JOCELYN Bartram has turned her greatest disappointment into motivation and now sits on the cusp of a Hockeyroo call-up.
In the middle of last year the 20-year-old keeper was in a hockey limbo land — after two years in the national under-21 squad she was dumped at the final cut ahead of the junior World Cup in Germany.
But Bartram turned her shock omission into greater determination.
She was a stand-out in Australian Hockey League as NSW’s number one keeper.
The performance caught the eye of the national selectors who immediately added Bartram to the national development squad — 10 shadow players to the Hockeyroos.
It means regular training blocks in Perth under the eyes of the national coach, as well as a weekly training regime that has her on the park around dawn most mornings of the week, in the gym after that and training again most afternoons.

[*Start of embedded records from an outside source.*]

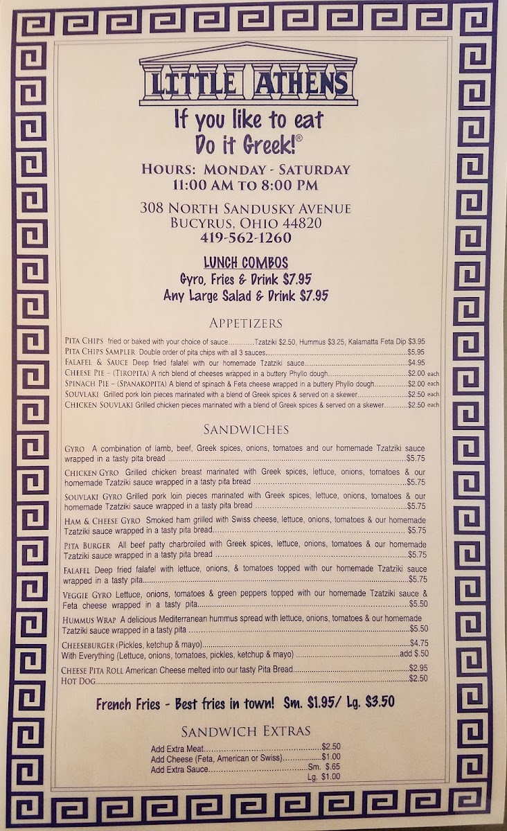 Little Athens Greek Restaurant - Bucyrus, OH Menu (2025 Update)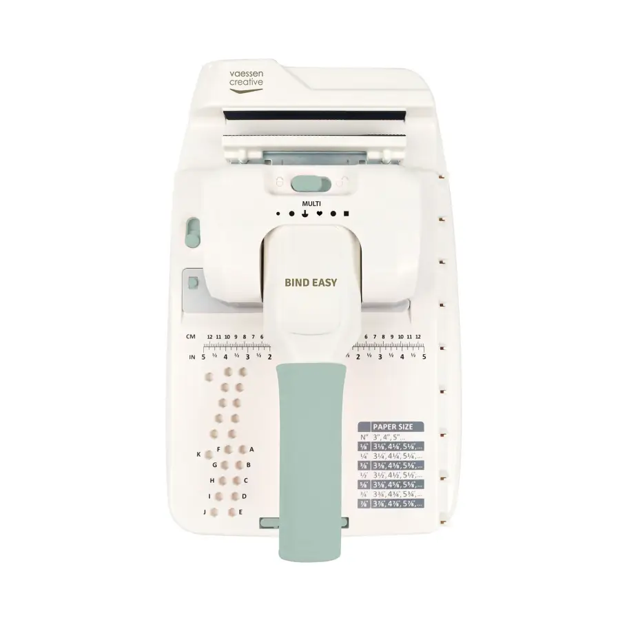 Ontdek de creatieve mogelijkheden van de Vaessen Creative Bind Easy, de alles-in-één inbindmachine voor wie zelf notitieboeken, journals, planners, receptenboeken of fotoalbums wil maken met een professionele afwerking. Dankzij de verwisselbare cartridges kies je moeiteloos tussen verschillende ponsstijlen en bindmethodes (draadbinding en discbinding), zodat elk project een persoonlijke uitstraling krijgt.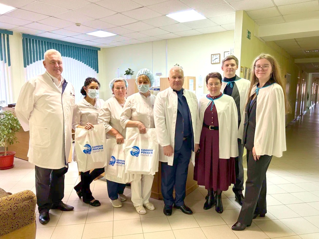 Первые подарки для юных пациентов Детской республиканской клинической больницы передали сенатор от Марий Эл Сергей Мартынов, заместитель министра здравоохранения Марий Эл Татьяна Бастракова, руководитель Регионального исполнительного комитета партии «Единая Россия» Матвей Галяутдинов, депутат Государственного собрания Мария Дорогова.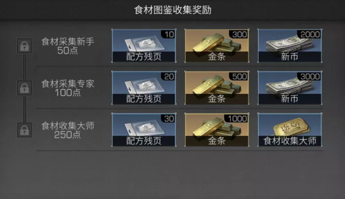 完成食材图鉴的所有收集共计可拿到配方残页*60、金条*1800、大量新币及食材收集大师称号。

Bartram said the support of those closest to her, including those back on the Border, had turned her career around.
“There were times last year when I couldn’t believe what had happened, how I had missed out,” she said.
“I had trained with the group for two years, trained with the girls and then suddenly I’m out.
“But I had great support from everyone around me and that was the key to getting through it all — club coach Katrina Powell (252-game Hockeyroo), the NSW coach (Olympic silver medallist Warren Birmingham) even some of the people from Hockey Albury Wodonga all got behind me — gave me the confidence to carry on.
“They reminded me it was how we respond to setbacks that mattered and to keep working hard.
“I probably played the best in my career at the national hockey league a few months later, at least it felt that way during the competition and I guess that was backed up by being selected in the development squad.”
Bartram is in the second week of a fortnight training block at hockey’s Australian Institute of Sport in Perth.
The former Albury Public and Albury High School student will then spend a few days training in Adelaide on the way back to her now Sydney base.
“There is a great spirit among the hockey community in Albury-Wodonga — everyone gets along, people help out.”JOCELYN BARTRAM
After that it will back to the grindstone — a mix of training, university studies and casual work to support her sporting pursuits.
She is on the pitch at the Homebush hockey centre about 6am six days a week.
Then there are gym sessions and a new study year having shifted from Macquarie University to the University of Technology.
But Bartram is under no illusion when it comes to breaking into the green and gold.
“The Australian Institute of Sport wanted to decentralise and so it sent the hockey program to Perth, where all 24 athletes including the two keepers are now based,” she said.
“I’m part of the national development squad that has 10 athletes, again including two goalies.
“If one of the two keepers in the national squad get injured then it is a decision to be made between the two of us in the development squad over that spot.
“At the moment the two girls in the Hockeyroos are fit and playing well but that doesn’t stop the Institute of Sport wanting to keep us up to the mark with the national program.
“I just need to make the most of my opportunities — train hard, use these trips to Perth or specialist camps to put myself up for selection in the best way possible.”
A little like her experience at national level it was growing pains that saw Bartram end up in the goals, focusing on hockey rather than soccer and water polo where she also excelled.
Medicos told the then teenager she needed to cut back on her running during her growth spurt — the obvious choice to continue playing hockey was in front of the net.
Bartram said she owed a great debt to the Border hockey community.
“When I was having my down times last year there was a group of people back home who phoned and offered support,” she said.
“There is a great spirit among the hockey community in Albury-Wodonga — everyone gets along, people help out.
“I love coming back, slipping back into the community and catching up with all my friends and family.”
This is Bartram’s fourth nomination for the Norske Skog Young Achiever Award.